To create our first multiple sequence alignment I prepared a small file containing sequences (data/msaInput.fa)

Opening this file in your favourite text editor shows you a bunch of Sequences which might look similar or not to you. Let's see how similar they really are.


We process the data using muscle as follows:

muscle -in data/msaInput.fa -out data/processed/firstmsa.fa

Checking the output shows us that it inserted a good bunch of dashes everywhere. 



#### Visualisation Tool

This is pretty unsatisfying to look at so we install JalView - a cool tool for visualization

https://www.jalview.org/download/linux/

![jalview.png](attachment:jalview.png)


Jalview shows a bunch of default shit which you can just click away. Now lets import the msa and make it look nice

File -> input alignment -> from file -> select the generated MSA
(you can also just drag and drop the file onto jalview)


![jalview2.png](attachment:jalview2.png)

Jalview shows us all sequences with index, as well as below a consensus sequence and the occupancy of each nucleotide slot. The consensus sequence is the sequence generated by taking the most frequent occuring nucleotide in each slot, and it also gives us a percentage of how many sequences have this nucleotide at a certain index. The occupancy gives us how many nucleotides at index position are filled ("does it have many gaps")


To further make it visually appealing we can select "colour" from the menu bar and click on nucleotide (as we have a nucleotide sequence) resulting in this:

![jalview3.png](attachment:jalview3.png)


This gives us a nice visual representation and allows us to already interpret the data. Can you spot a conserved region? Can you spot mutations, insertions and deletions?

---

## Annotating Sequences

An important aspect of sequence analysis is finding out what we are actually looking at. To do so we can use a tool called [Basic Local Alignment Search Tool (BLAST)](https://blast.ncbi.nlm.nih.gov/Blast.cgi). We will be using a web version provided by NCBI, but if you know what you are looking for it is recommended to set up local database to "BLAST against".

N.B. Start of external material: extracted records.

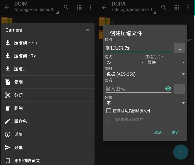 编辑压缩文件:从压缩文件内添加/删除文件;>解压分卷压缩文件;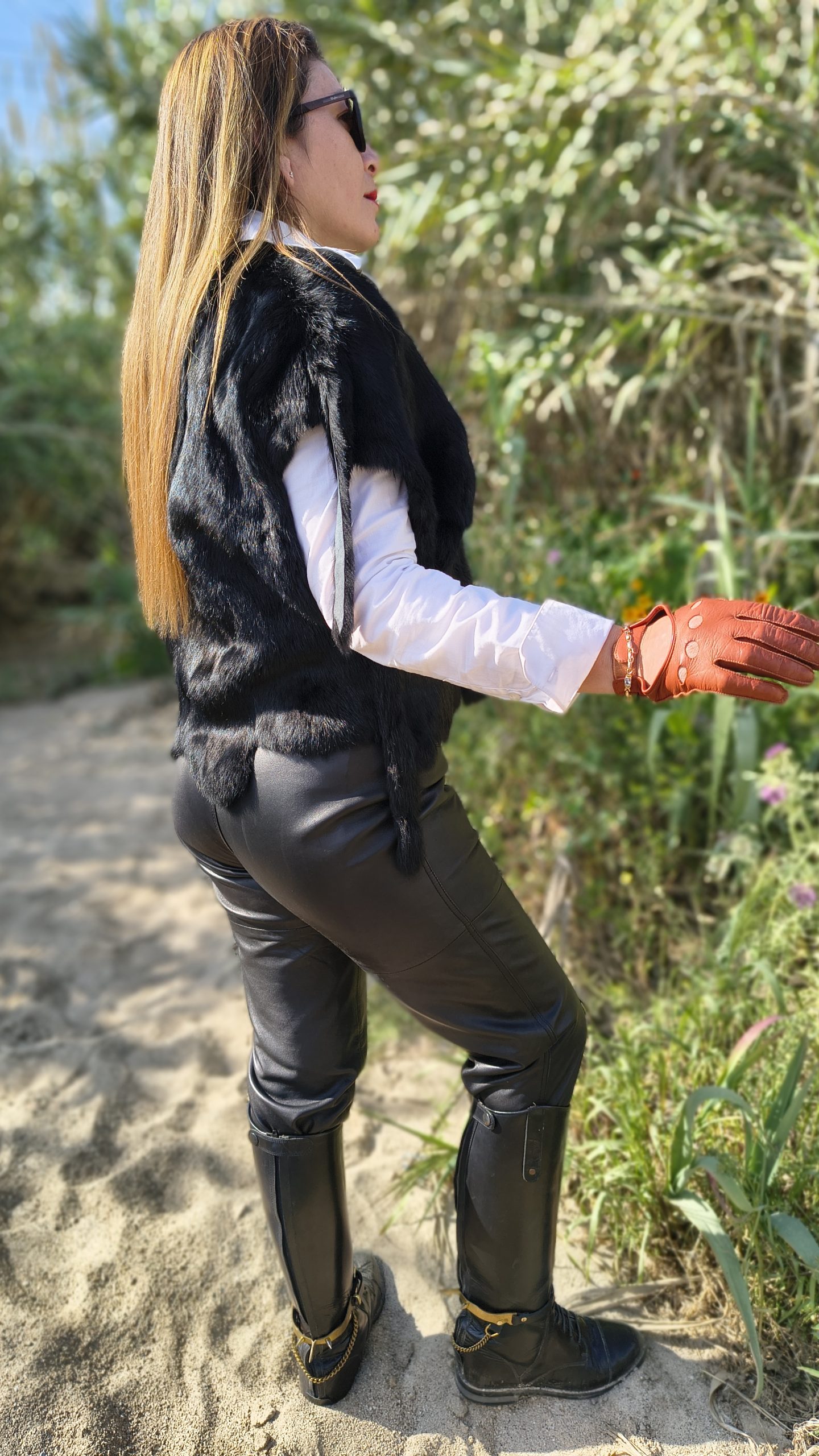 Leather pants / jeans with lace on the side. Thick leather moto biker style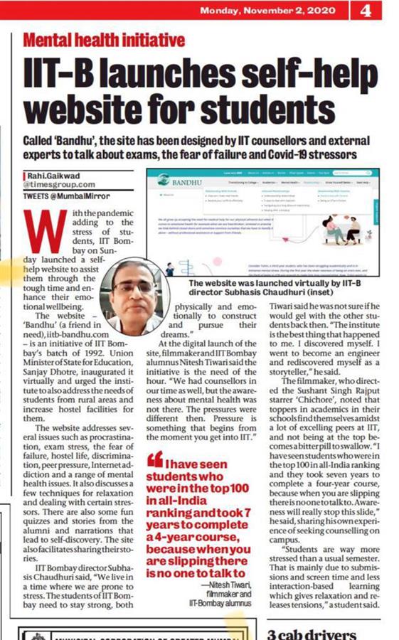 Here's the recording of the launch event, along with the interactive session, where the renowned filmmaker shed light on his experience in IIT Bombay, his struggles with mental health and the importance of mental health and initiatives such as Bandhu.

We generate the consensus sequence (using biopython) from the MSA and compare it with the online database to find out what we are looking at.


In [4]:
# Generate Consensus Sequence

# Imports
from Bio import AlignIO
from Bio.Seq import Seq
from Bio.SeqRecord import SeqRecord
from Bio.Align import MultipleSeqAlignment
import collections

# Read the alignment
alignment = AlignIO.read('data/processed/firstmsa.fa', 'fasta')

# Get the length of the alignment
alignment_length = alignment.get_alignment_length()

# Initialize the consensus sequence as a list of characters
consensus = []

# Iterate over each position in the alignment
for i in range(alignment_length):
    # Extract the base/residue at the current position for each sequence
    column = [seq[i] for seq in alignment]
    
    # Count the occurrence of each base/residue, ignoring gaps
    counter = collections.Counter([base for base in column if base != '-'])
    
    # Find the most common base/residue
    common_base, common_count = counter.most_common(1)[0]
    
    # Append the most common base/residue to the consensus sequence
    consensus.append(common_base)

# Join the consensus list to form the consensus sequence string
consensus_sequence = ''.join(consensus)

# Create a SeqRecord for the consensus sequence
consensus_record = SeqRecord(Seq(consensus_sequence), id='consensus', description='Consensus Sequence')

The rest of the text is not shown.